- Record extracts -

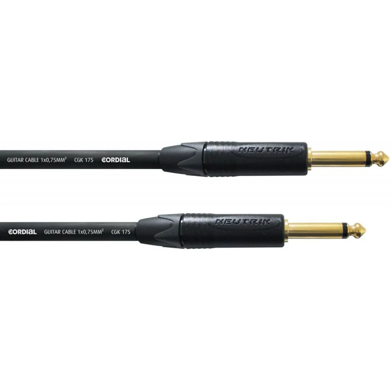 Špičkový nástrojový kabel, Jack 6.3 mono – Jack 6.3 mono, délka 6 metrů, kabel CGK 175, originální konektory Neutrik, pásek na suchý zip, barva černá.
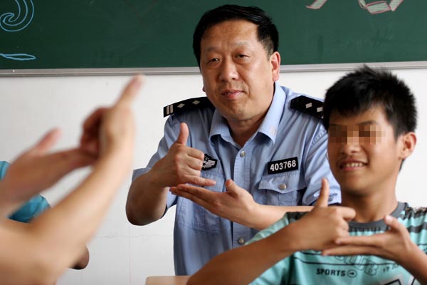 民警在特殊教育學(xué)校和聾啞學(xué)生們一起學(xué)習(xí)手語
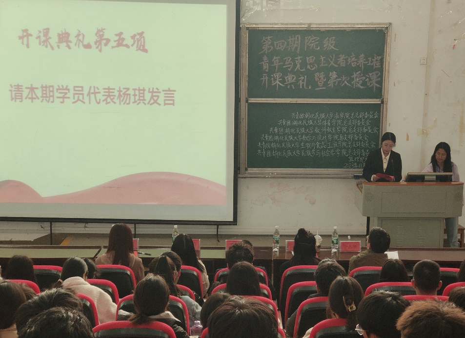 11月23日下午,学院联合民族学与社会学学院、法学院、教师教育学院、生物与食品工程学院、体育学院在修远楼5B404教室共同举办第四期“青年马克思主义培养工程”培训开课典礼。
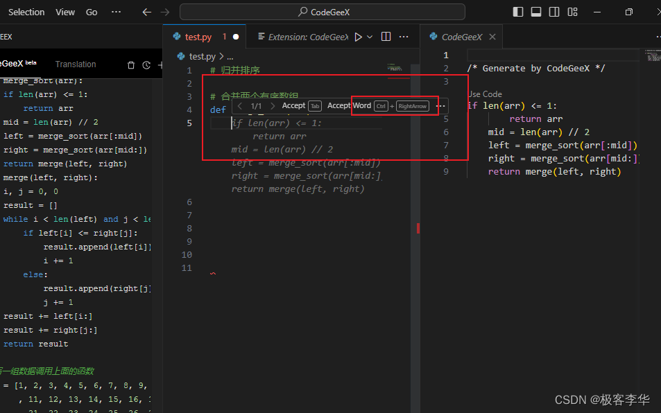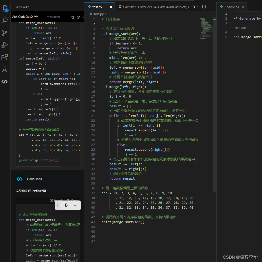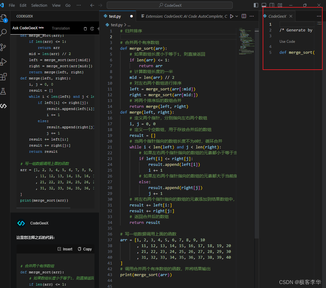 比如归并排序 当我们写完相关的注释之后,然后换行按下Ctrl+Enter
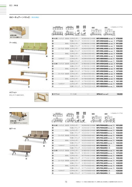 ●●2390()内は肘なしタイプ寸法●●1790550495590430550495NPD-WBN4NNNPD-WBN3NN5904304308124309404308124306109402450(2390)1850(1790)61245850595458●●●●612458●●●●595458()内は肘なしタイプ寸法600495540●●1772φ6006754306004955402322●●φ600675430NPD-PBN4NL(R)NPD-PBN3NL(R)2350(2325)φ60050067261070※価格はメーカー希望小売価格(税抜)です。消費税、組立・配送費などの諸経費を別途申し受けます。NPD-WWH4AN(NPD-WWH4NN)NPD-WWL4AN(NPD-WWL4NN)(NPD-WH3NN)NPD-WWL3AN(NPD-WWL3NN)NP-WWH3AN1800(1775)φ600612600458672600595458500●●●●612600458●●●●600595458430812430940430812610430940NPD-PWH4AR(NPD-PWH4NR)NPD-PWL4AR(NPD-PWL4NR)NPD-PWH3AR(NPD-WH3NR)NPD-PWL3AR(NPD-PWL3NR)550610●●02待合ロビーチェアー〈パドレ2〉〈受注生産品〉成型合板/木パネル脚タイプアールなし●●オプション肘なしタイプに追加できます。成型合板/アルミ脚タイプ〈コンパクトタイプ〉右アール●●
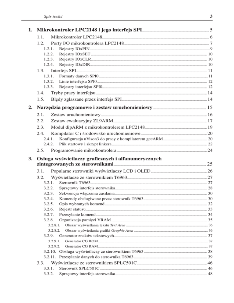 Spis treści 3 1. Mikrokontroler LPC2148 i jego interfejs SPI ................................................................... 5 1.1. 1.2. Mikrokontroler LPC2148........................................................................................................... 6 Porty I/O mikrokontrolera LPC2148 ..................................................................................... 7 1.2.1. 1.2.2. 1.2.3. 1.2.4. 1.3. Interfejs SPI................................................................................................................................... 11 1.3.1. 1.3.2. 1.3.3. 1.4. 1.5. Rejestry IOxPIN ........................................................................................................................9 Rejestry IOxSET .................................................................................................................... 10 Rejestry IOxCLR .................................................................................................................... 10 Rejestry IOxDIR ..................................................................................................................... 10 Formaty danych SPI0 .............................................................................................................11 Linie interfejsu SPI0 .............................................................................................................. 12 Rejestry interfejsu SPI0......................................................................................................... 12 Tryby pracy interfejsu ............................................................................................................... 14 Błędy zgłaszane przez interfejs SPI ..................................................................................... 14 2. Narzędzia programowe i zestaw uruchomieniowy ..................................................... 15 2.1. 2.2. 2.3. 2.4. Zestaw uruchomieniowy .......................................................................................................... 16 Zestaw ewaluacyjny ZL9ARM.............................................................................................. 17 Moduł dipARM z mikrokontrolerem LPC2148 .............................................................. 19 Kompilator C i środowisko uruchomieniowe .................................................................. 20 2.4.1. 2.4.2. 2.5. Konfiguracja uVison3 do pracy z kompilatorem gccARM ............................................ 20 Plik startowy i skrypt linkera ............................................................................................... 22 Programowanie mikrokontrolera .......................................................................................... 24 3. Osługa wyświetlaczy graficznych i alfanumerycznych zintegrowanych ze sterownikami ............................................................................................ 25 3.1. 3.2. Popularne sterowniki wyświetlaczy LCD i OLED ........................................................ 26 Wyświetlacze ze sterownikiem T6963................................................................................ 27 3.2.1. 3.2.2. 3.2.3. 3.2.4. 3.2.5. 3.2.6. 3.2.7. 3.2.8. Sterownik T6963 .................................................................................................................... 27 Sprzętowy interfejs sterownika............................................................................................ 28 Sekwencja włączania zasilania ............................................................................................ 30 Komendy obsługiwane przez sterownik T6963 ............................................................... 30 Opis wybranych komend ...................................................................................................... 32 Rejestr statusu ......................................................................................................................... 33 Przesyłanie komend ............................................................................................................... 34 Organizacja pamięci VRAM ................................................................................................ 35 3.2.8.1. 3.2.8.2. Obszar wyświetlania tekstu Text Area ..................................................................................36 Obszar wyświetlania grafiki Graphic Area ..........................................................................36 3.2.9. Generator znaków tekstowych ............................................................................................. 37 3.2.9.1. Generator CG ROM ..............................................................................................................37 3.2.9.2. Generator CG RAM ..............................................................................................................37 3.2.10. Obsługa wyświetlaczy ze sterownikiem T6963 ............................................................... 38 3.2.11. Przesyłanie danych do sterownika T6963 ......................................................................... 39 3.3. Wyświetlacze ze sterownikiem SPLC501C ...................................................................... 46 3.3.1. 3.3.2. Sterownik SPLC501C ........................................................................................................... 46 Sprzętowy interfejs sterownika............................................................................................ 48 4 Spis treści 3.3.3. Pamięć RAM ........................................................................................................................... 48 3.3.3.1. 3.3.4. 3.3.5. 3.3.6. 3.3.7. 3.4. Wyświetlacze ze sterownikiem ST7036 ............................................................................. 61 3.4.1. 3.4.2. 3.4.3. 3.4.4. 3.4.5. 3.4.6. 3.4.7. 3.5. Sterownik NJU6450..
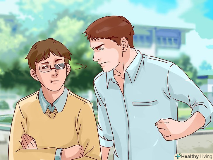 Будьте впевнені в собі. Якщо ви випромінюєте впевненість, то битися вам навряд чи доведеться. Зріла людина відчуває впевненість у своїх силах, що допомагає розібратися в складній ситуації. Існує безліч способів розвинути впевненість в собі і демонструвати її оточуючим. [4]- Зосередьтеся на своїх сильних сторонах. Якщо хтось дражнить вас через одяг, думайте про себе: "принаймні, я відмінний футболіст!"
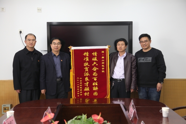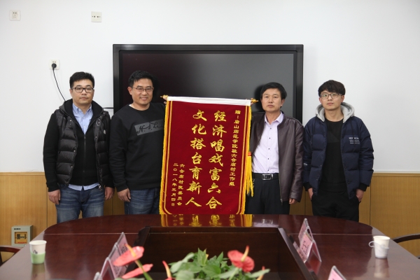 司建春村主任再次表达了感激之情,并代表全体村民送上两面锦旗。司建春说,写给学校的锦旗,是他思虑了许久写出来的:“情暖六合为百姓解困,精准扶贫派良才驻村”。两年来,学校派精兵强将驻村工作,为村里的百姓解决脱贫致富的大难题。第二面锦旗是送给驻村工作队的——“文化搭台育新人、经济唱戏富六合”。两年来,驻村工作队与村两委班子,共同探索六合店村发展的特色之路——“文化搭台、经济唱戏”。六合店村将按照这个规划,继续前行,争取早日脱贫,并努力成为文化名村、经济强村。两面红红的锦旗表达了村民们的感激之情,展现了万象城扶贫工作的思路与成效。
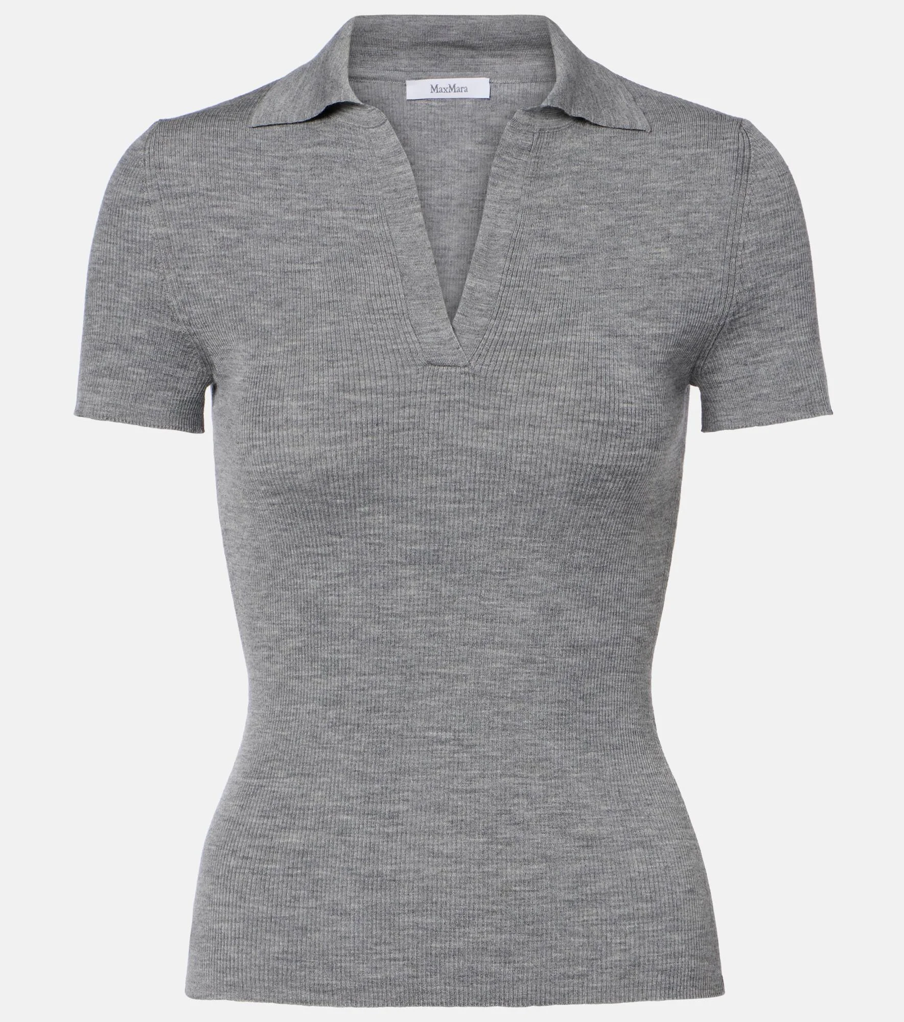 This Albero polo shirt from Max Mara is made of virgin wool with a ribbed-knit finish. The design showcases a fitted silhouette and a flattering buttonless front. Product Details - Material: 100% virgin wool - Care instructions: hand wash - Made in Romania - Color: beige - Designer color name: Grigio Chiaro - Item number: P01120761 Size & Fit - True to size - Cinched waist - Stretchy fabric - The model seen in the picture is 178cm-5'10" and wearing a size XS
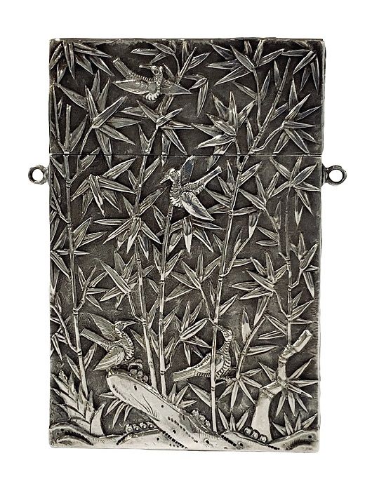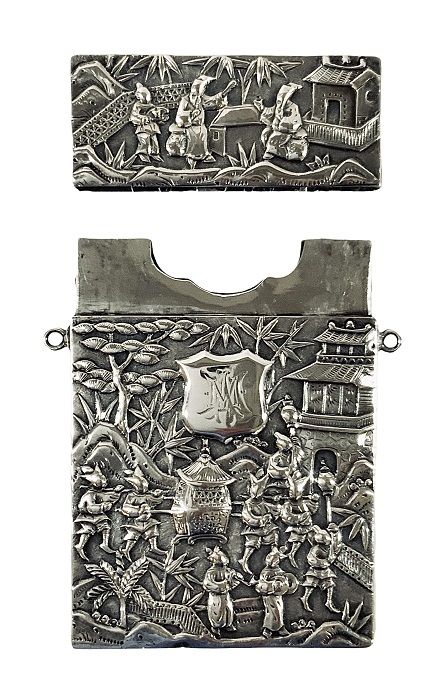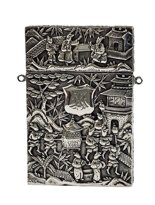 Chinese Export silver card case.  Made in China for export to the west, circa 1890-1900.    The loops on the sides were for attaching a chain for a lady to carry.  It is large enough to hold standard size business or credit cards for 21st century use.  The card case has the original personalized monogram, a super imposed “MA”.
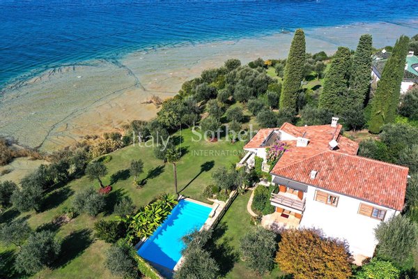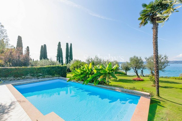 Diese prachtvolle Villa „pieds dans l'eau' befindet sich in einer der exklusivsten Lagen des Gardasees: an der Nordspitze der Halbinsel von Sirmione, jenseits der antiken Scaliger-Mauern und nur wenige Schritte von den Grotten von Catull, der
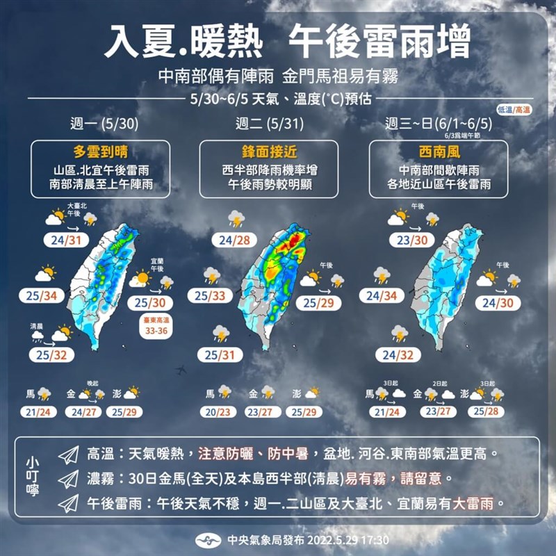 陳伊秀說,6月1日至5日鋒面北移,台灣轉為西南風的環境,帶來南方水氣,各地多雲到晴、易有午後雷陣雨,另外中部、南部有局部短暫陣雨或雷雨。
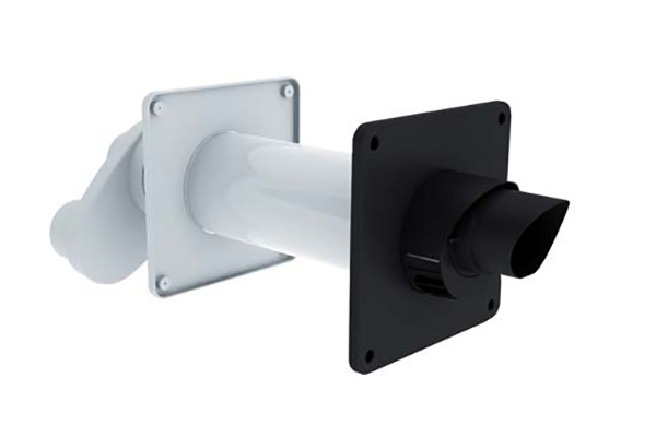Burgerhout geveldoorvoer 80/125 mm L=640 mm zwart/wit met Safe-PP rookgaspijp
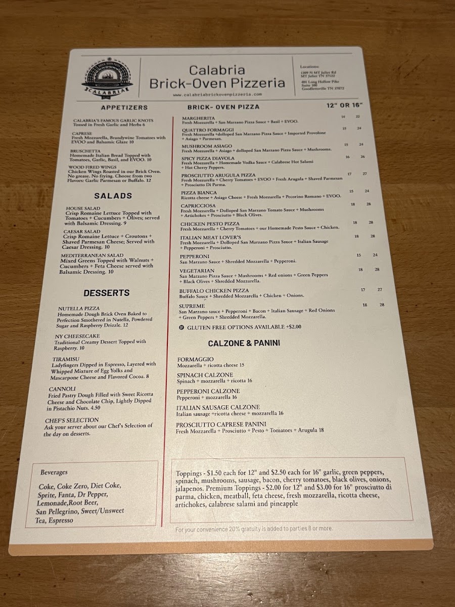 Welcome to Calabria Brickoven Pizzeria - Mt. Juliet, where authentic Italian flavors are immersed in a cozy atmosphere. Nestled in the heart of Mt. Juliet, this pizzeria is a culinary journey that brings Italy closer to home. The menu features a delightful range of options, starting with appetizers like the incredibly popular garlic knots, baked to a perfect golden brown in a wood-fired brick oven, and the refreshing bruschetta, bursting with fresh flavors.

- Your instructions -
Within the material above, only the stretch from the line holding "Diese prachtvolle Villa" through the line holding "陳伊秀說,6月1日至5日鋒面" is to be restated exactly. Pictures are dropped.

- Answer to the problem -
 Diese prachtvolle Villa „pieds dans l'eau' befindet sich in einer der exklusivsten Lagen des Gardasees: an der Nordspitze der Halbinsel von Sirmione, jenseits der antiken Scaliger-Mauern und nur wenige Schritte von den Grotten von Catull, der
 陳伊秀說,6月1日至5日鋒面北移,台灣轉為西南風的環境,帶來南方水氣,各地多雲到晴、易有午後雷陣雨,另外中部、南部有局部短暫陣雨或雷雨。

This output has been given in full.